Wie kann man mit dem selbstverantwortlichen Lernen in der Schule beginnen?

Auch hier führen Missverständnisse immer wieder zum Scheitern gut gemeinter Ansätze:

  • Du musst es einfach nur machen, es wird schon klappen
  • wenn nicht alle mitmachen, geht es überhaupt nicht
  • ich mach‘ das sowieso schon immer, ich muss gar nichts verändern
  • bevor nicht alle Voraussetzungen geschaffen sind, kann man gar nicht beginnen
  • das ist sowieso nicht zu schaffen, etc.

Der zentrale Punkt sind die Lehrer!

Damit selbstverantwortliches Lernen gelingen kann, müssen die Lehrer:

  • ihre Haltung verändern bezüglich
    • ihrer eigenen Rolle,
    • des Lernens,
    • der Schüler,
    • der Zusammenarbeit im Kollegium
  • etwas Neues lernen, denn sonst würden sie es schon machen
  • mehr und besser zusammenarbeiten
  • sich gemeinsam an den Kindern orientieren
  • Achtung vor dem jeweils individuellen Lernwillen der Kinder entwickeln
  • verschiedene Wege und Umwege zulassen
  • nicht alles von allen fordern –
  • und bescheidener werden

Am Ende meiner Ausführungen rufe ich allen Lehrern und Eltern zu:

  • Gebt euren Kindern mehr Raum zur individuellen Entwicklung!
  • Lasst mehr Sonderwege zu! Es müssen nicht mehr alle alles machen!
  • Vor allem lasst die Kinder viel mehr spielen, denn im Spielen lernen sie am meisten und mit Freude!

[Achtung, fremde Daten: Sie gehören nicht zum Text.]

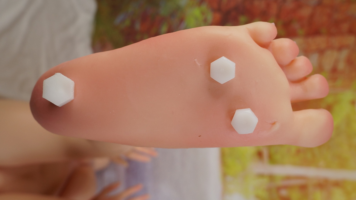 ・両足裏に浅い亀裂とほつれ-
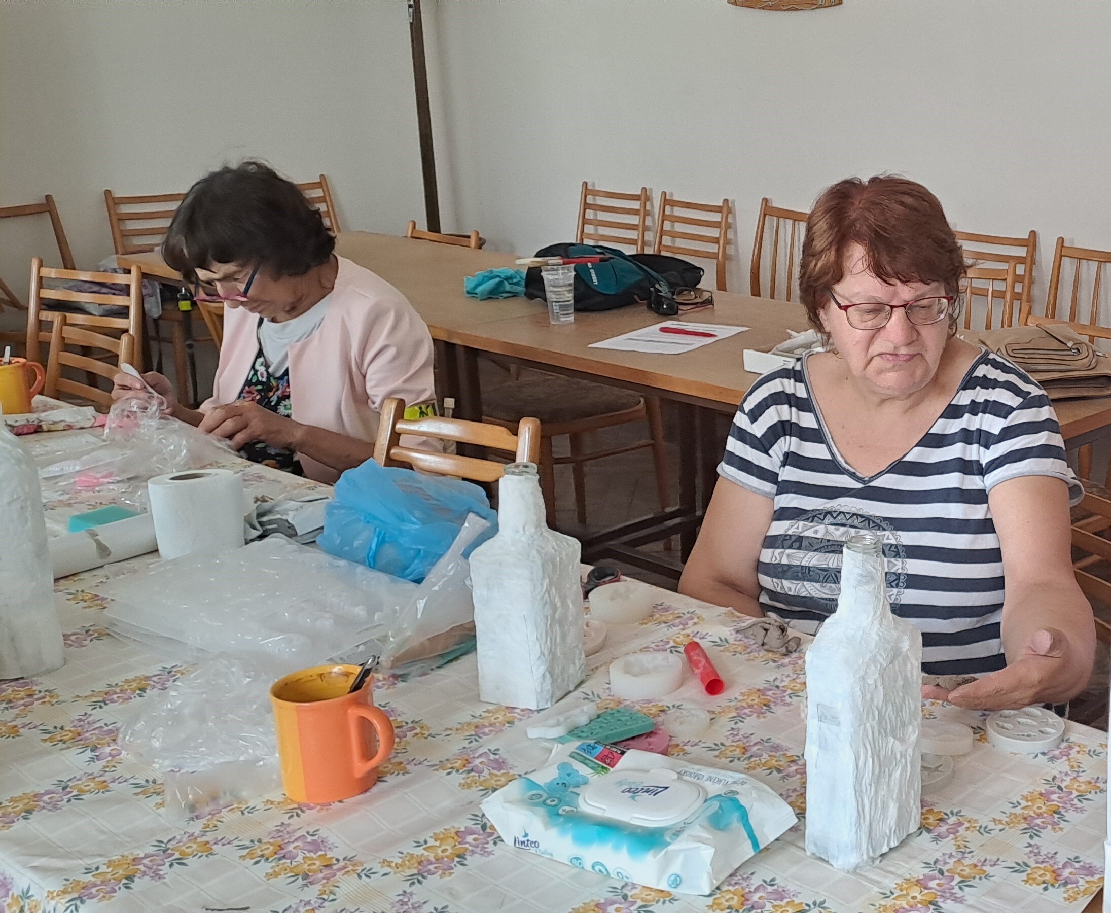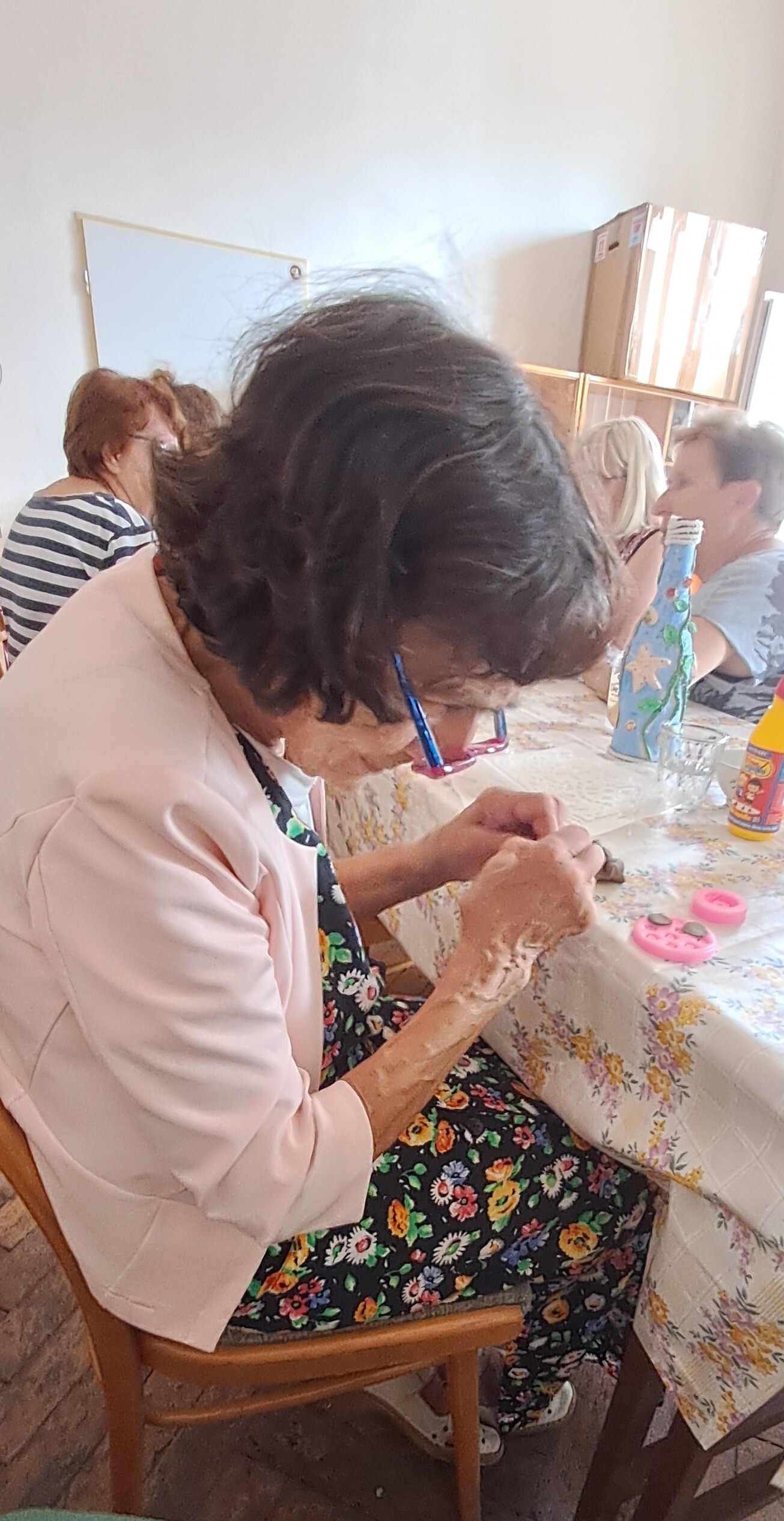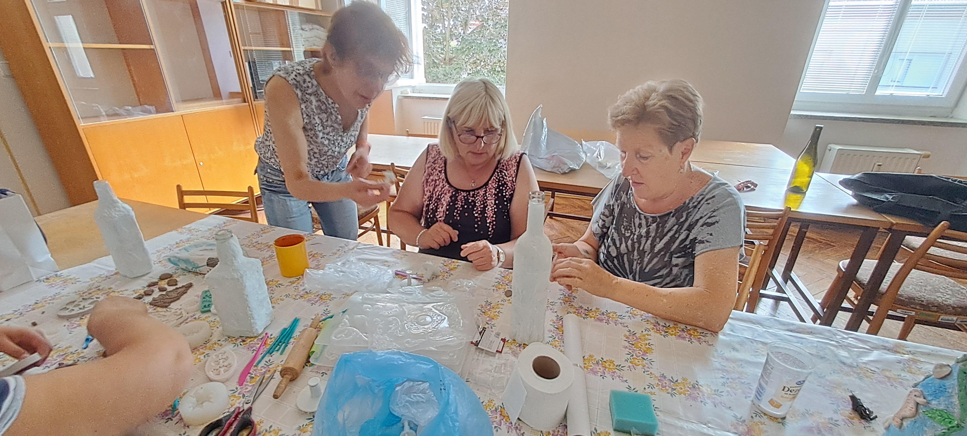 Tentokrát jsme se věnovali výzdobě sklenic od vína a zavařenin, které jsme polepili tenkým ubrouskem. Dále jsme tvořili ozdoby ze samotvrdnoucí hmoty. Měli jsme k dispozici silikonové formy rozmanitých tvarů, tak si každý mohl vybrat dekoraci dle vlastního vkusu. Ozdoby jsme přilepili na připravené sklenice.

Ich bin überzeugt, die Kinder und Jugendlichen werden die ihnen gebotenen Chancen freudig und verantwortungsvoll ergreifen und ihre Lernprozesse kreativ und erfolgreich individuell gestalten! Sie werden ganz neue Lösungen und Wege entwickeln, die vorher so noch nicht gedacht werden konnten. Entwickeln wir unsere Schulen mit den Kindern und Jugendlichen weiter! Geben wir ihnen die Chance dazu!